EXERCISE DESCRIPTION => Once you reach the line with "B+COMシリーズ スタンダードモデル「B+COM ONE" below, copy each line exactly, stopping after the line with "Attribution définitive accordée", and skip any pictures.

DATASET EXTRACT =>
--- START ---

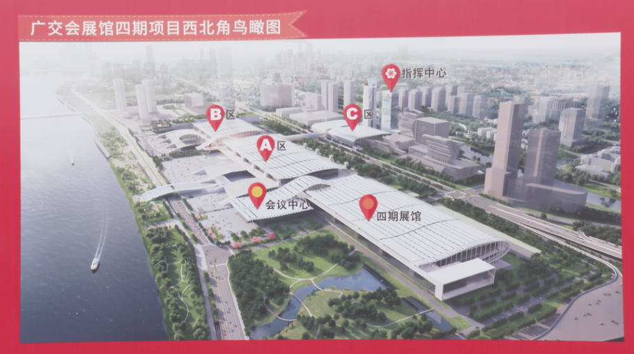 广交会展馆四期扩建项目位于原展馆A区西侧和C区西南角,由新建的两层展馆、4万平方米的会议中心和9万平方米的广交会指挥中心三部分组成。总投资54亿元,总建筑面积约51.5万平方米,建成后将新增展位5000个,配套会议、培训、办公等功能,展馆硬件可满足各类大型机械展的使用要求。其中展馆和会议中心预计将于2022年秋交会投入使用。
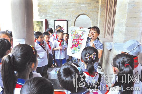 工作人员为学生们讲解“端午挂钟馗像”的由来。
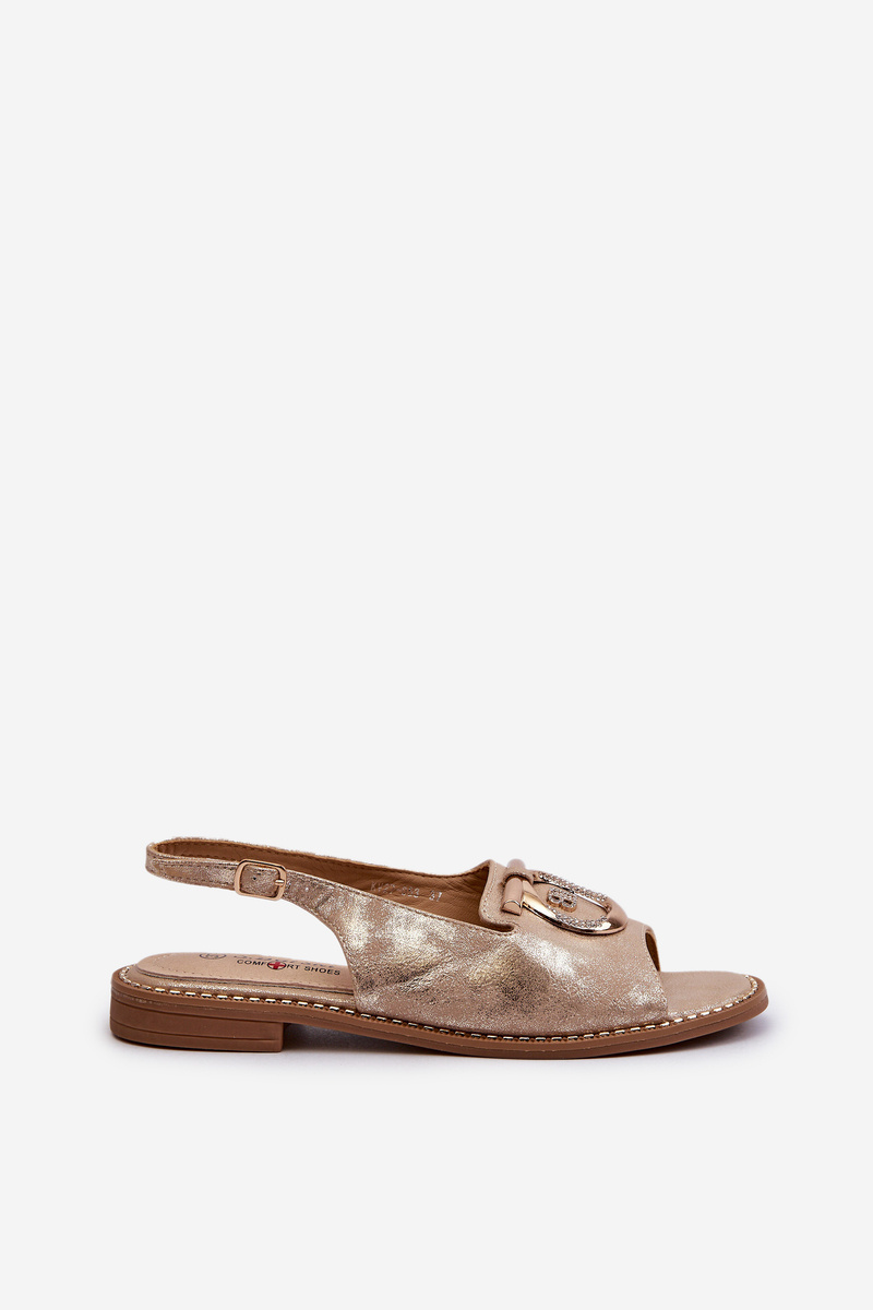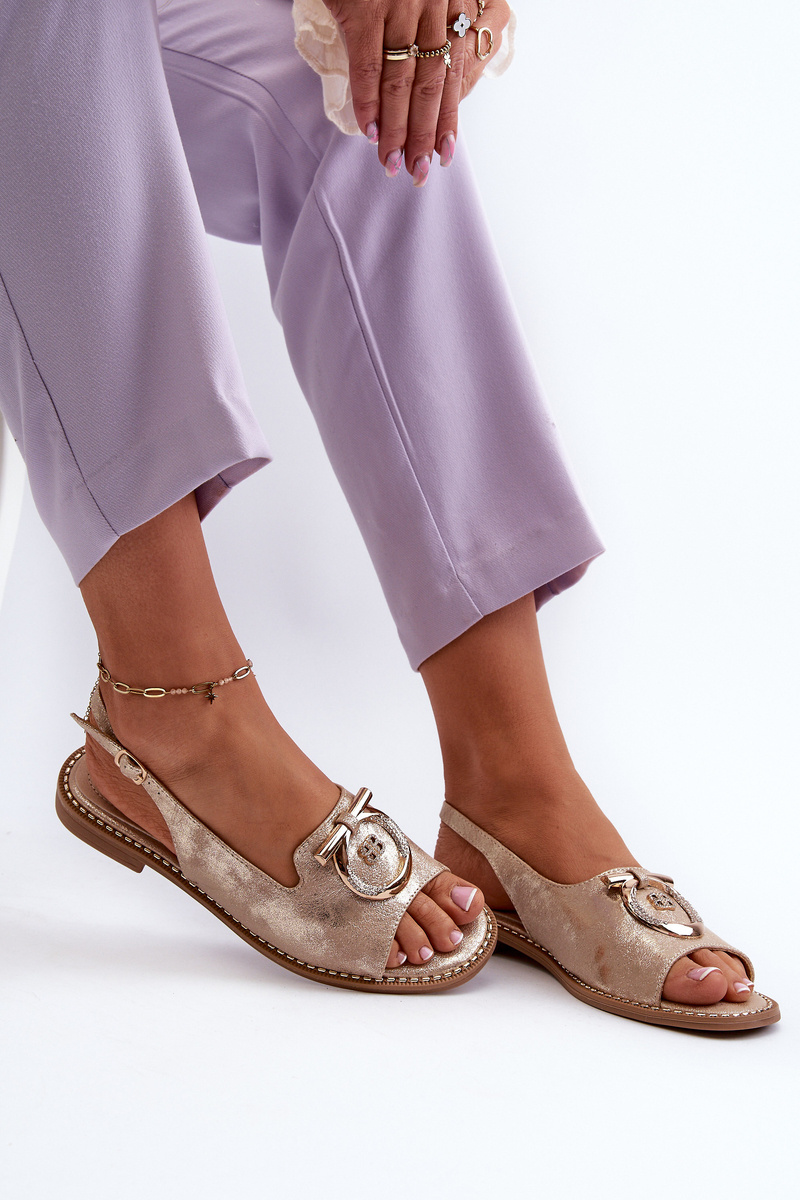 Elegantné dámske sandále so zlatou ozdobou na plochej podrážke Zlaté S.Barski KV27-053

--- END ---
--- START ---

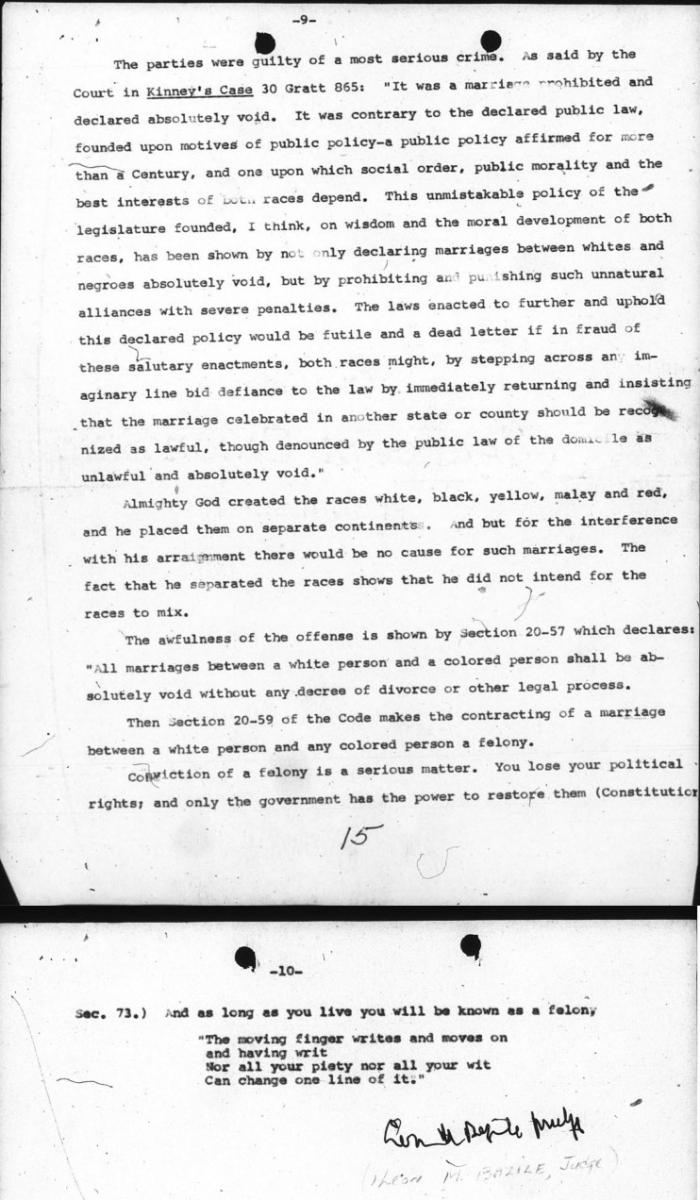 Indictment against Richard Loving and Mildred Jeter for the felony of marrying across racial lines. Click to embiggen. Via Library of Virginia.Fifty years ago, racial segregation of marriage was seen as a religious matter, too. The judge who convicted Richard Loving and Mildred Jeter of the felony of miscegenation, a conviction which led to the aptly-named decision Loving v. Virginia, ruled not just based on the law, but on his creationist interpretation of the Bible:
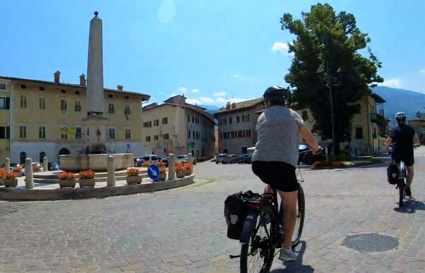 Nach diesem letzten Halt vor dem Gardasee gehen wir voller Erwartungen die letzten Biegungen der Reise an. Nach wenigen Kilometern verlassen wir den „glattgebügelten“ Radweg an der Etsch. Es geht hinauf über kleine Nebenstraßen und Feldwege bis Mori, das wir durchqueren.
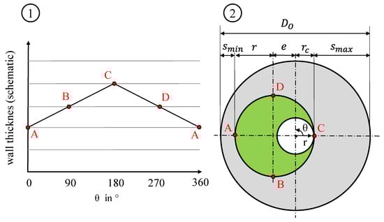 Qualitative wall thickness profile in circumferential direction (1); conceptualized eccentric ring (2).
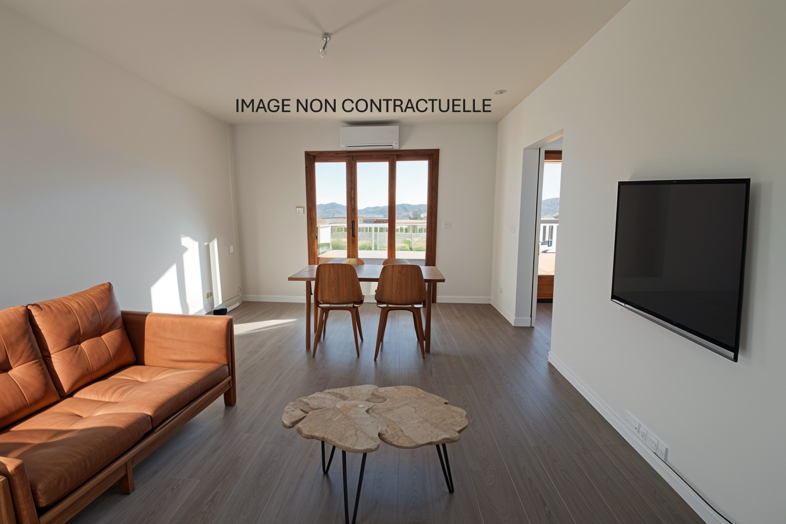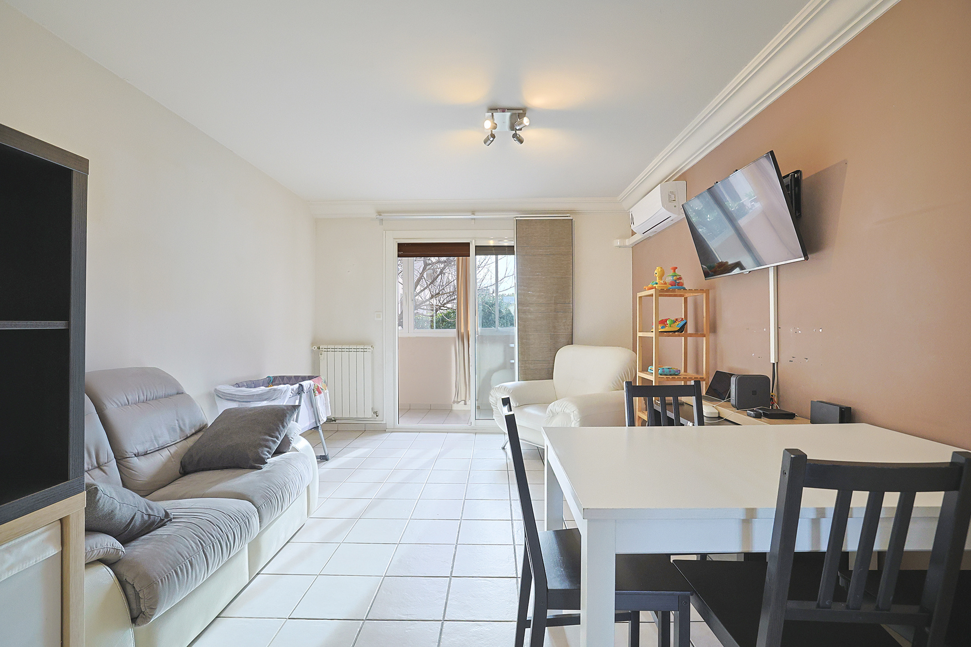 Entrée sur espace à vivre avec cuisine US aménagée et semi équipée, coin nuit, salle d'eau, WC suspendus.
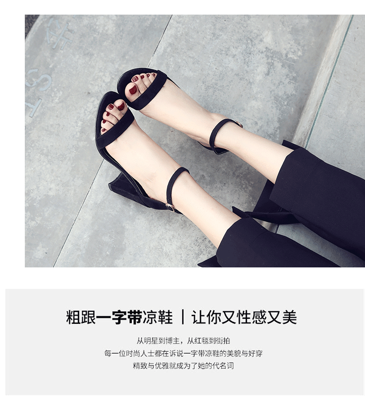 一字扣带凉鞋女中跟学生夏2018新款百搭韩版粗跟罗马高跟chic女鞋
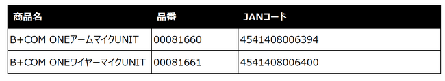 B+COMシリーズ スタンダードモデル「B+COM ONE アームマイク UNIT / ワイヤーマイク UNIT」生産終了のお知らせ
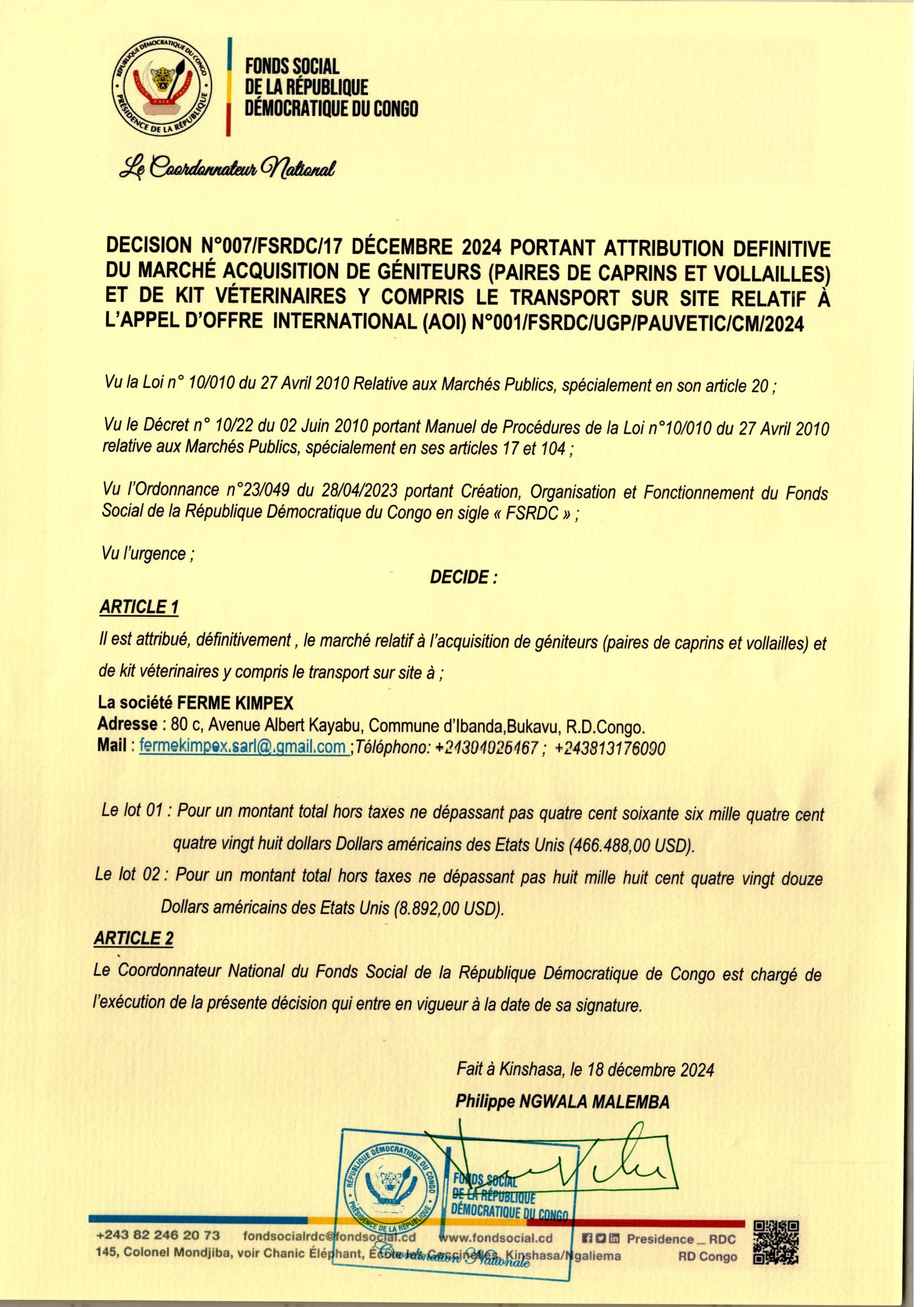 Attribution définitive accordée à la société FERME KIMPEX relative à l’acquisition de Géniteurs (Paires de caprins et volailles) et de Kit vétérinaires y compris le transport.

--- END ---

RESPONSE TO THIS TASK =>
 B+COMシリーズ スタンダードモデル「B+COM ONE アームマイク UNIT / ワイヤーマイク UNIT」生産終了のお知らせ
 Attribution définitive accordée à la société FERME KIMPEX relative à l’acquisition de Géniteurs (Paires de caprins et volailles) et de Kit vétérinaires y compris le transport.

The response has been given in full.